• [Provided data]:
#####
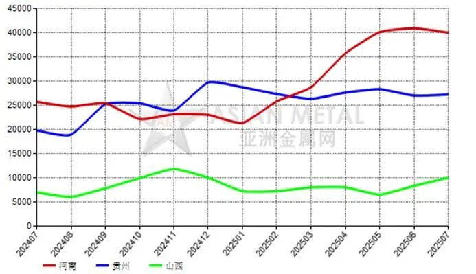 7月份,中國棕剛玉庫存量最大的三個省份為河南、貴州和山西。河南庫存棕剛玉為40,000.00公噸,同比增加55.64%,環(huán)比減少2.20%。貴州庫存棕剛玉為27,200.00公噸,同比增加37.37%,環(huán)比增加0.74%。山西庫存棕剛玉為10,000.00公噸,同比增加42.86%,環(huán)比增加20.48%。
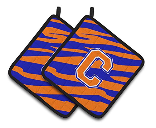 Caroline's Treasures Monogram Initial C Tiger Stripe - Blue Orange Pair of Pot Holders CJ1023-CPTHD, 7.5HX7.5W, Multicolor
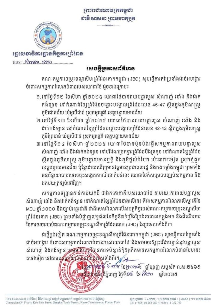 JBC ថា សកម្មភាពទាំងនេះជាការរំលោភលើស្មារតីនៃ MOU ឆ្នាំ 2000 និងច្បាប់អន្តរជាតិ បំផ្លាញលទ្ធផលការចរចាប្រចាំរវាងកម្ពុជា-ថៃ។
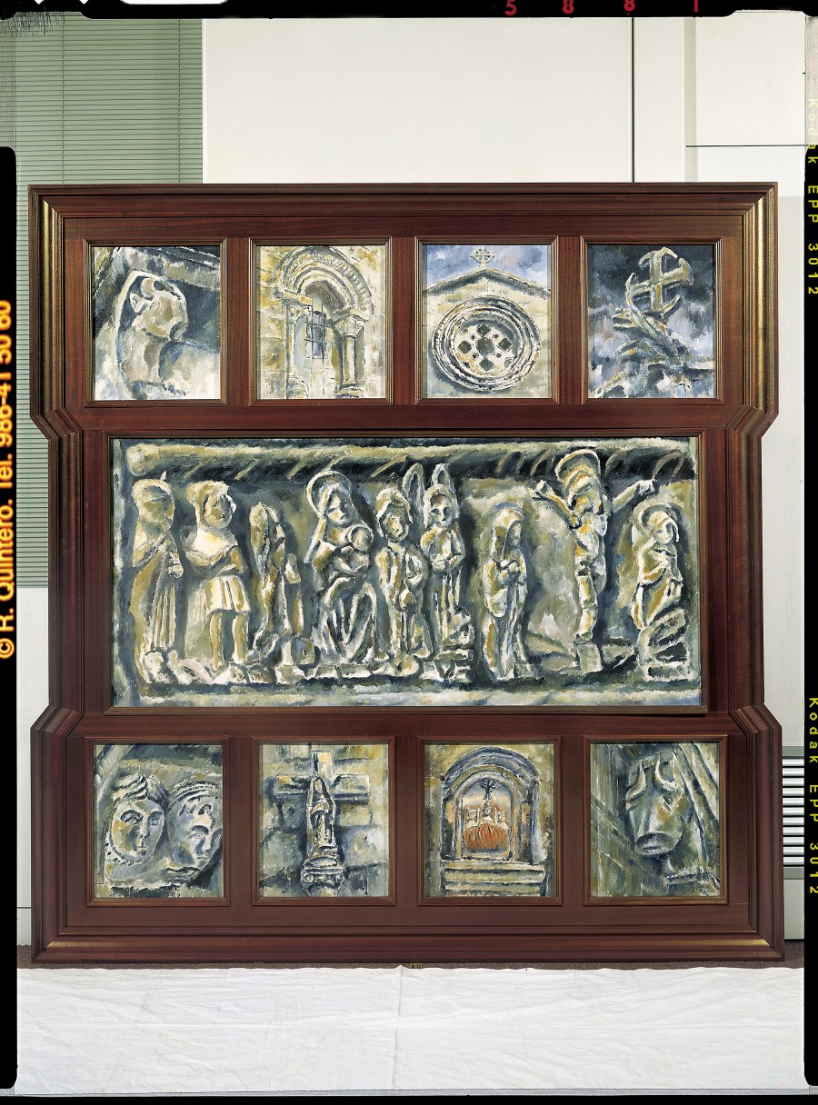 Do interese que o autor sente pola arquitectura popular galega xorde este retablo estructurado en tres corpos que representan diferentes elementos arquitectónicos e iconográficos inspirados na igrexa de Pedre. Situada no concello de Cerdedo, en Pontevedra, constitúe un dos conxuntos máis singulares da arquitectura galega.O corpo inferior componse de catro paneis. O panel da esquerda e o da dereita representan canzorros figurados que soportan os saíntes do tellado, un con dúas cabezas humanas e outro con cabeza de touro. Os paneis centrais resérvanse para a mostra de imaxes propias da iconografía popular coma os cruceiros e os petos de ánimas.
#####
• [Required work]: Repeat only the lines from the beginning of the material through the line containing "JBC ថា សកម្មភាពទាំងនេះជាការរំលោភលើស្មារតីនៃ", both ends kept, leaving pictures out.

• [Task response]:
 7月份,中國棕剛玉庫存量最大的三個省份為河南、貴州和山西。河南庫存棕剛玉為40,000.00公噸,同比增加55.64%,環(huán)比減少2.20%。貴州庫存棕剛玉為27,200.00公噸,同比增加37.37%,環(huán)比增加0.74%。山西庫存棕剛玉為10,000.00公噸,同比增加42.86%,環(huán)比增加20.48%。
 Caroline's Treasures Monogram Initial C Tiger Stripe - Blue Orange Pair of Pot Holders CJ1023-CPTHD, 7.5HX7.5W, Multicolor
 JBC ថា សកម្មភាពទាំងនេះជាការរំលោភលើស្មារតីនៃ MOU ឆ្នាំ 2000 និងច្បាប់អន្តរជាតិ បំផ្លាញលទ្ធផលការចរចាប្រចាំរវាងកម្ពុជា-ថៃ។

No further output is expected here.